OpenAI présente GPT-Rosalind, un modèle de raisonnement spécialisé pour la biologie, la découverte de médicaments et la médecine translationnelle. Il constitue le premier volet d’une série de modèles sciences de la vie qu’OpenAI entend développer.

Un modèle taillé pour les travaux scientifiques complexes
Les modèles généralistes traitent mal les raisonnements multi-étapes propres à la recherche biomédicale. GPT-Rosalind a été optimisé pour combler ce manque sur des tâches précises : identification et validation de cibles thérapeutiques, interprétation génomique, analyse de voies biologiques, synthèse de littérature scientifique, génération d’hypothèses et planification expérimentale. Il intègre également une compréhension approfondie de la chimie et de l’ingénierie des protéines, et peut mobiliser des outils et bases de données scientifiques dans un même flux de travail.
Le contexte justifie l’ambition : aux États-Unis, le développement d’un nouveau médicament prend en moyenne 10 à 15 ans, avec une part considérable du temps absorbée par les seules étapes initiales de sélection de cibles et de planification. OpenAI positionne GPT-Rosalind comme un accélérateur de ces phases préliminaires pour que les équipes de recherche parviennent plus vite à des décisions fondées sur les données.
Sur BixBench, qui simule des tâches réelles de bioinformatique et d’analyse de données, GPT-Rosalind atteint un score Pass@1 de 0,751, le plus élevé parmi les modèles disponibles publiquement. Sur LABBench2, qui évalue la recherche documentaire, l’utilisation de bases de données, la manipulation de séquences et la conception de protocoles, il surpasse GPT-5.4 sur 6 des 11 tâches avec le gain le plus marqué sur la conception de clonage moléculaire.

En collaboration avec Dyno Therapeutics, le modèle a dépassé le 95e percentile des experts humains sur des séquences ARN inédites, un résultat qu’OpenAI cite comme un signal de capacité de raisonnement au-delà des données d’entraînement classiques. Le modèle est nommé en hommage à Rosalind Franklin, scientifique britannique dont les travaux ont été déterminants pour la découverte de la structure en double hélice de l’ADN.
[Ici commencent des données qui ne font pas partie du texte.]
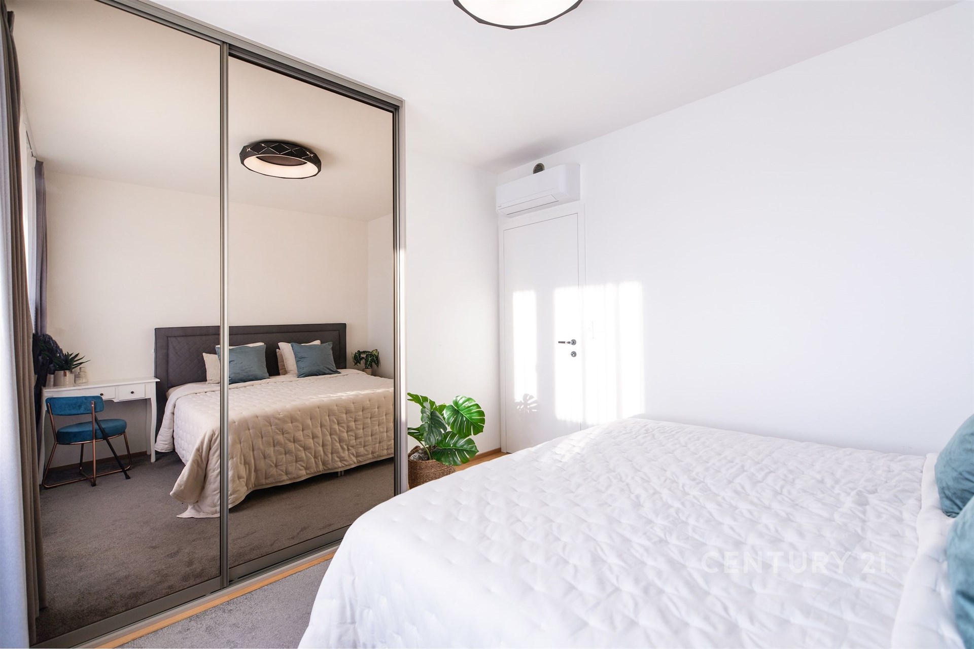 Klimatizace Toshiba A+++ ve všech obytných místnostech, která se ovládá přes aplikaci Toshiba Home. Předokenní žaluzie Somfy Z70 – plně automatické, řízené dálkově nebo aplikací. Optické připojení Fiber – TMobile, O2, Vodafone a další. V bytě dominuje zakázkový vestavěný nábytek zhotovený na míru: elegantní TV sestava s lamelami, šatní a technické skříně, koupelnové sestavy s LED zrcadly, šatna v ložnici i knihovna v pracovně. Německá kuchyň je vybavena spotřebiči Haier, včetně vinotéky. Interiér dotváří luxusní dveře bezfalcové konstrukce (výška 2,1 m) s trojitým lakem Polar, černým kováním M&T Lusy a magnetickými zámky.

Un plugin Codex et des conditions d’accès strictes
Le déploiement s’effectue via le programme Trusted Access d’OpenAI, réservé aux clients entreprises qualifiés aux États-Unis sur ChatGPT, Codex et l’API. Les organisations accédant au modèle doivent conduire une recherche scientifique légitime d’intérêt public, disposer de systèmes de gouvernance et de conformité appropriés, et garantir que seuls des utilisateurs autorisés accèdent au modèle dans un environnement sécurisé. Les crédits et tokens des clients ne sont pas consommés pendant la période de test. Les premiers partenaires incluent Amgen, Moderna, Novo Nordisk, Nvidia, Allen Institute, Thermo Fisher Scientific, Benchling et l’UCSF.
OpenAI lance simultanément un plugin gratuit pour Codex, connectant les chercheurs à plus de 50 outils et sources de données scientifiques publiques. Les utilisateurs sans accès à GPT-Rosalind peuvent utiliser le plugin seul avec le modèle principal. Sur le plan de la conformité, la plateforme répond aux standards SOC 2 Type 2 et aux exigences HIPAA, avec des contrôles d’accès par rôle et des espaces de travail régulés. OpenAI affirme ne pas s’entraîner sur les données des clients.